The router machine was big.
I hadn’t realized how much room I left for the router because it had become so sensitive to CPU and Memory pressure on the host. There may have been tuning I could have done to improve this, this could be due to network level factors, but regardless nearly 1/3 of a single host was devoted to just my router.
On a whim, I tried an experiment: I shuffled RAM around and built one server with 2 CPUs and 96GB of memory and put all my VMs on it. My expectation was that the node would fall over in an day or so, and other intensive tasks would fall behind. To my surprise, though, the node has kept up for months now without any major issue.
I didn’t actually use HA.
High Availability sounds really nice on paper and in a lot of environments it’s crucial, but I never really made use of it. I only had a few minor hardware failures in the last few years, so the increased hardware redundancy was never really used, outside of RAID.
Even during updates, I found that a few minutes of downtime is fine. When doing updates I also didn’t bother migrating machines and doing roling restarts; I’d just hit the reboot button on the entire node. All my machines are based on Debian and I updated them at the same time, so when one needs rebooted they all tended to need a reboot.
In the past, I did have a few applications that had to keep running for weeks on end to complete a process or risk starting over. In those cases, HA and being able to live migrate machines is a must. Most of these have since been migrated out for a number of other reasons, leaving no good reason to continue to maintain the overhead of HA.
I still have redundancy.
Part of the fear of making this change was losing redundancy in my network. I’ll admit I’m more vulnerable to a single hardware failure with the UDM being the capstone of my network now, but other changes and planning are mitigating those issues as well.
In the event of a total outage, I now have a fairly acceptable 5G connection. It’s not perfect,and not great for long term, but I can change my laptop and access documentation, support sties, and the like for a few days if needed. With the now unused edge router and some light configuration, I can also even get things like the required VLANS for the normal Unifi WiFi working.
In the event of a hardware failure on the server, the critical items can move around between the low power and main node still, but the fear of living without a build server for a few days is much more tolerable than living without a working network at all.
Simpler is better.
As other priorities in life come up, and my homelab becomes more and more like homeprod, I’m starting to value things that either just work or that take complexity out of what I need to manage. Running a hyperconverged cluster complete with a few dozen TB’s of Ceph OSDs, Proxmox’s HA, and just the general balancing act of migrating machines around takes time.
To be clear, none of what I ran was unreliable or didn’t do what it expected, it just became features (and CPU and memory and, by proxy then, money) that I didn’t use but had tangible impacts on the complexity of most tasks.
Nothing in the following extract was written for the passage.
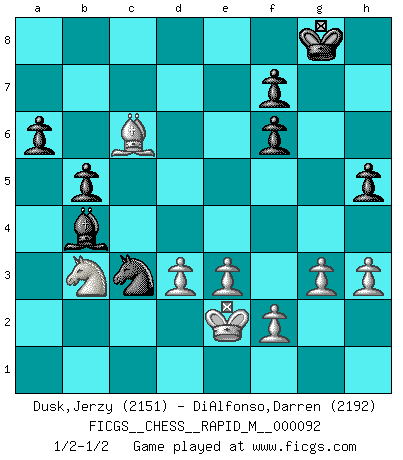 Last move : 1/2-1/2 2018 June 3 17:23:18 [Event "FICGS__CHESS__RAPID_M__000092"] [Site "FICGS"] [Date "2018.03.26"] [Round "1"] [White "Dusk,Jerzy"] [Black "DiAlfonso,Darren"] [Result "1/2-1/2"] [WhiteElo "2151"] [BlackElo "2192"] 1.Nf3 d5 2.g3 Nf6 3.Bg2 c6 4.O-O Bf5 5.c4 e6 6.cxd5 exd5 7.d3 Bc5 8.Qc2 Na6 9.a3 O-O 10.b4 Be7 11.Bb2 c5 12.bxc5 Nxc5 13.Rc1 Rc8 14.Qd1 b5 15.Nd4 Qd7 16.Nd2 Bg4 17.N2f3 Bxf3 18.Nxf3 Na4 19.Bd4 a6 20.e3 h5 21.Qb3 Nc5 22.Qd1 Na4 23.Ne1 Rxc1 24.Qxc1 Rc8 25.Qd1 Rc6 26.Nf3 Qc8 27.h3 Bxa3 28.Bxf6 gxf6 29.Nd4 Rc1 30.Rxc1 Qxc1 31.Qxc1 Bxc1 32.Nb3 Ba3 33.Bxd5 Bb4 34.Kf1 Nc3 35.Bc6 Na2 36.Ke2 Nc3+ 1/2-1/2 Reti : King's Indian attack (Barcza system) Kingside Castling by player White (move 4) Kingside Castling by player Black (move 9) This chess game ended in a draw. Follow this game move after move (download)In Chess, just as in life, today's bliss may be tomorrow's poison. (Assaic) Ich las kürzlich ein Buch von Nietzsche. Er sagte Religion verdumme nur die Menschen. Ich stimme zu. (Robert James Fischer) En posiciones complicadas, Bobby Fischer pocas veces tuvo que temer de cualquiera. (Paul Keres) Votre prénom est 'Tactique', votre deuxième prénom est 'Tactique' et votre nom est 'Tactique'. (Ken Smith) When I took office, only high energy physicists had ever heard of what is called the World Wide Web... Now even my cat has its own page. (Bill Clinton, 1996)

Upgrading Proxmox took time when Ceph needed upgrades, virtual machines took performance hits with Ceph’s network overhead, Ceph OSD’s really didn’t like the RAID controllers I ran and would fail when I was at airports, and all for features I never really made use of.
Sure, diving headfirst into Unifi and translating my problems into the right questions to ask and shifting my way of thinking took time and effort, but in the long run it will be less effort to maintain.
The Money Saved
At the end of all of this, I removed two large R710 machines from my 24/7 environment. Doing some quick math with my power rate, I’m estimating these used about $30-35 of electricity each month, and with rate increases getting approved that number will only go up.